Similarly, the present results may not be directly applicable to the use of the HLQ in other languages and cultures. Validity studies of translations of the HLQ are underway in German, Dutch, Czech, French, Spanish and other languages or, for the Danish version, are recently published , thus the process of cross-cultural validation for the use, interpretations and recommendations for action derived from the questionnaire are underway in these other settings.
Additionally, the present study does not address the issue of the sensitivity of the HLQ to change anticipated to derive from health-literacy focussed interventions, nor does it address whether any observed change is reliable and clinically meaningful. Sensitivity studies of this kind require longitudinal data, at least baseline to follow-up, and should include preliminary investigation of the longitudinal invariance of the scales.

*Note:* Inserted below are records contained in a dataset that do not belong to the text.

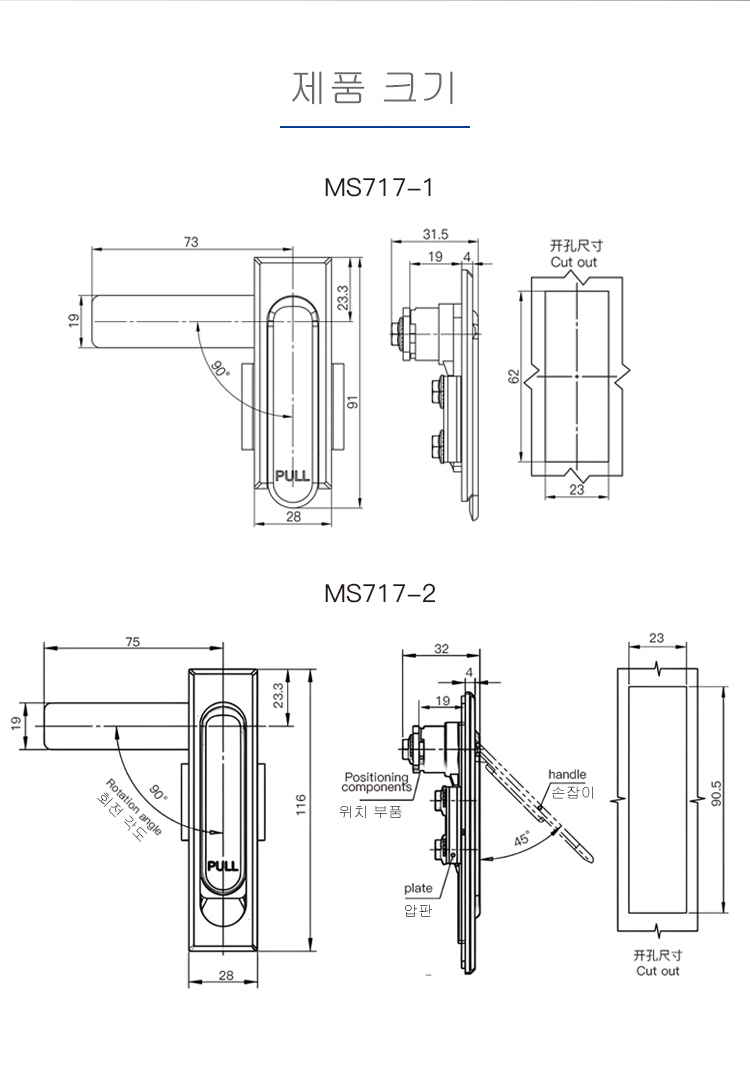 MS717 스테인레스 배전 캐비닛 문 평면 잠금 전기 캐비닛 기계 캐비닛 문 잠금 설비 잠금
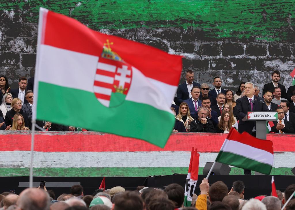 2025年10月23日,匈牙利總理歐爾班(前右)在首都布達佩斯舉行的一場集會上講話。新華社發(弗爾季·奧蒂洛攝)
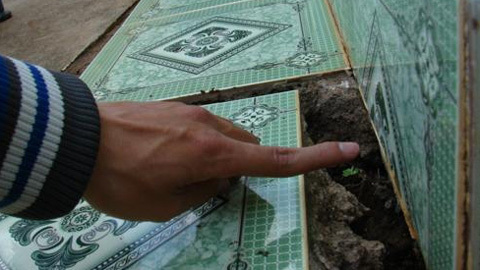 Tường nhà, thềm và sân của người dân cũng bị xé ra dài khoảng 5cm.
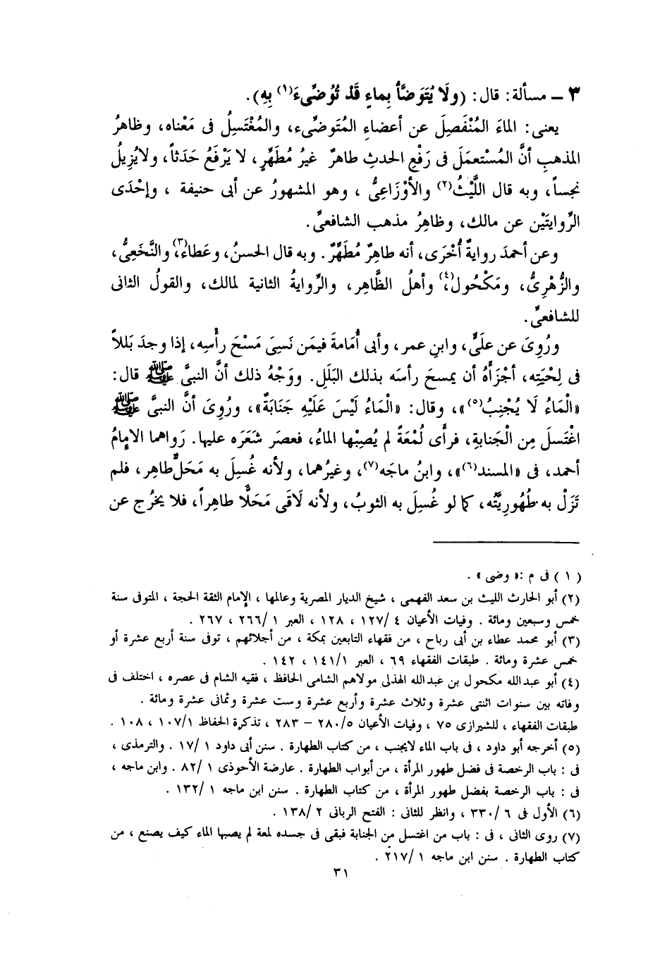 يعني: الماءَ المُنْفَصِلَ عن أعضاءِ المُتَوضِّىء، والمُغْتَسِلُ في مَعْناه، وظاهرُ المذهبِ أنَّ المُسْتعمَلَ في رَفْعِ الحدثِ طاهرٌ غيرُ مُطَهِّرٍ، لا يَرْفَعُ حَدَثًا، ولا يُزِيلُ نجسًا، وبه قال اللَّيْثُ (٢) والأوْزَاعِىُّ، وهو المشهورُ عن أبي حنيفة، وإحْدَى الرِّوايتَيْن عن مالك، وظاهِرُ مذهب الشافعيِّ.

Finally, the length of the HLQ might be seen as a limitation when used in some settings such as clinical locations. While the HLQ itself consists of 44 items and is typically accompanied by 13 or more sociodemographic and health status questions it was successfully administered in the present study by busy clinicians in the course of their usual clinical work. This suggests that the HLQ is written using words and concepts that respondents find straightforward to understand and can answer quite quickly. As there are 9 scales in the HLQ, the 44 items are necessary to ensure scale reliability while maintaining comprehensive coverage of the multidimensional health literacy concept. While comprehensive coverage of the health literacy construct is required in many studies, some, such as national surveys  and studies seeking to answer questions about select aspects of health, may use only one or more of the scales.